The next historical Total War game is on its way, and the hype is real. Total War: Three Kingdoms is due for a May 23rd release this year, and with it comes a whole host of exciting new changes to the series' age-old diplomacy and character systems.
Set in ancient China and featuring many of the legendary heroes of the period, this is the first major historical title developer Creative Assembly have released in over four years, since Total War: Attila in 2015. Development hasn’t been without its hurdles, however; Three Kingdoms is making bold changes to the franchise, and fans aren’t happy with all of them.
Three Kingdoms Will Feature Two Modes: Records and Romance
Creative Assembly have done well for themselves recently, all things considered. Total War: Warhammer and its sequel Total War: Warhammer 2 are some of the best games they’ve made to date according to metacritic.com, complete with magic, dragons and walking zombie pirate ships. It seems CA are hoping to carry that fantasy momentum into their next historical title, Three Kingdoms, to boot. The game will feature two modes of campaign gameplay: Records Mode and Romance Mode.
The former is for diehard historical fans, boasting features such as increased unit fatigue on the battlefield, a more realistic colour palette and permanent character death of either wounds or old age. Romance Mode combines the best of both CA’s fantasy and historical endeavours, with a bombastic colour palette, superhuman generals straight out of the games’ source material, and active battle abilities. Read more about the Romance of the Three Kingdoms history at threekingdoms.com.
CA are doing their best to please all fans, but in doing so they may be stretching themselves a little thin.
Total War: Three Kingdoms to be Published Under SEGA May 23rd
We first saw gameplay footage of Three Kingdoms way back in mid-2018 – major praise was directed at the souped-up diplomacy system, including spies, food, coalitions and vassal systems. Major complaints included vague unit cards, battles which were too fast paced, problematic AI and overpowered generals. Since then, the game has been delayed twice, first to March 2019, and now to May 23rd, and it seems CA have been using their time wisely.
New, toggleable unit cards are now in place. There’s an optional Chinese VO for the game. Battles have been slowed down across the board regardless of game mode, and generals have been weakened to a more reasonable level. Things are looking good for May, all things considered, with CA providing weekly Wednesday streams showing off their improvements, albeit with regular client crashes (all part of development).
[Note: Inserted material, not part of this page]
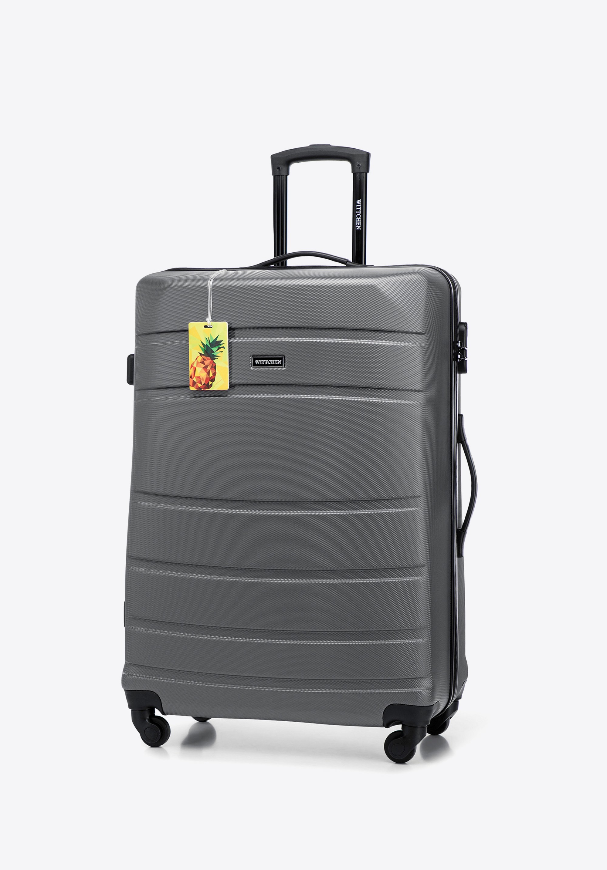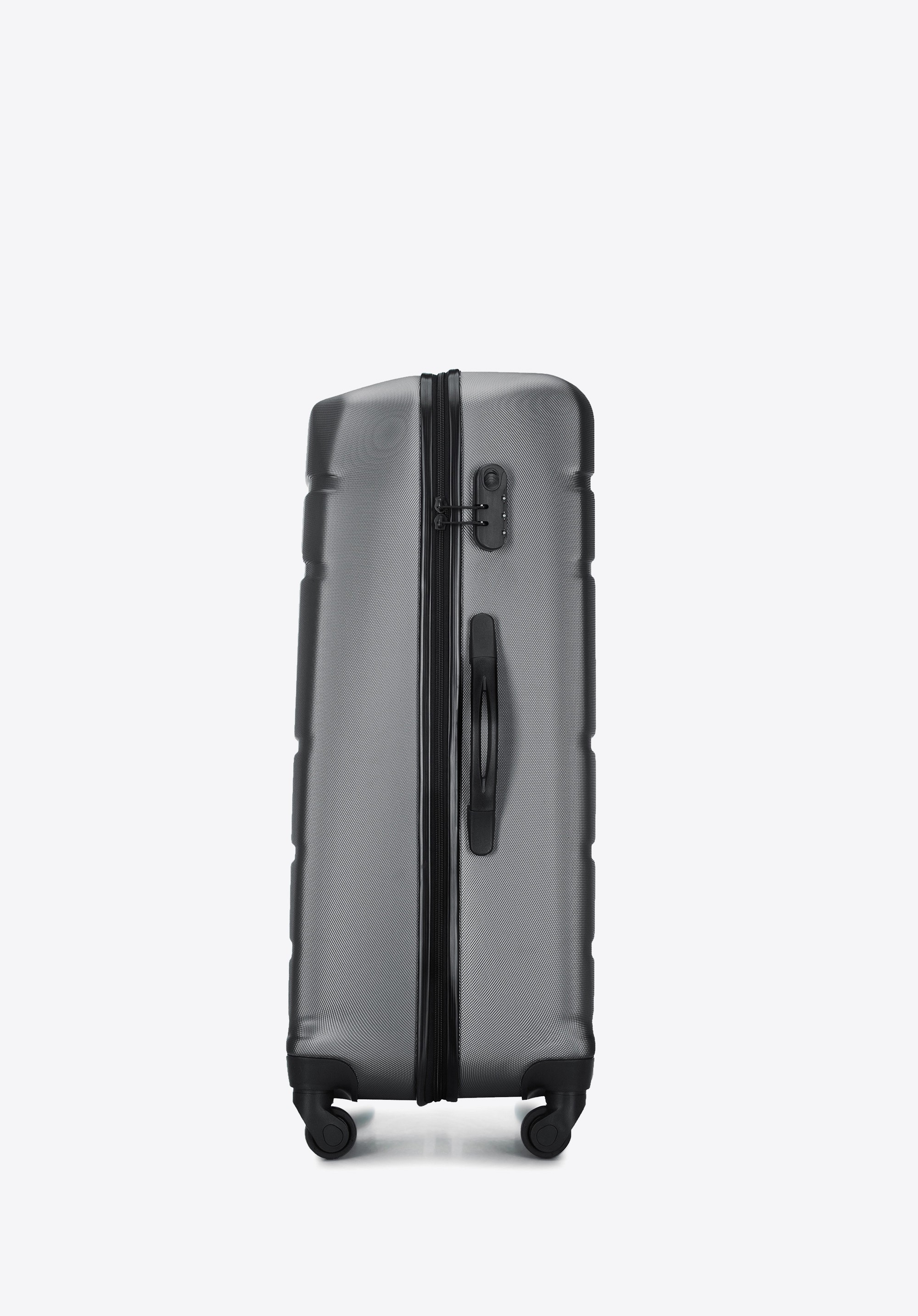 Această valiză mare, realizată din ABS, cu o suprafață texturată și o etichetă de identitate, este setul perfect gata de plecare pentru pasionații de călătorii. Acest design are o încuietoare cu combinație, mâner telescopic retractabil din aluminiu și un mâner de cauciuc pentru o manevrare ușoară. Are relief vertical care adaugă un caracter unic valizei.

Many game studios have struggled with buggy, rushed game releases in the past, Creative Assembly included. Most recently we've seen Bethesda struggle with Fallout 76, which for many was in an unplayable state on day one. BioWare too have had disappointing launch days, especially under publisher EA; Mass Effect Andromeda managed to tank an entire franchise, and Anthem failed to garner any kind of substantial playerbase, lacking endgame content and locking character customisation behind microtransactions.
With this context in mind, it's uniquely commendable of CA and its publisher SEGA to delay Three Kingdoms not once, but twice, and to continue to improve the game based on community feedback. Fixing issues pre-release is and always will be preferable to day one patches and beyond. Publishers and devs alike have a reputation to maintain, after all. Take NetEnt and Microgaming - while they operate within an entirely different sector of gaming, that of online casinos and slots, the same principles apply.
With dozens of their titles available on winningroom.com, from slots to table poker, they've managed to cultivate a reputation for releasing quality, reliable titles - the AAA-gaming industry could stand to learn a thing or two from its sibling.
Only time will tell if Three Kingdoms will stand tall on its own two feet, if the delays have been worth it, and if CA can shake off their personal reputation for buggy, problematic releases under SEGA. Total War: Three Kingdoms comes out on May 23rd.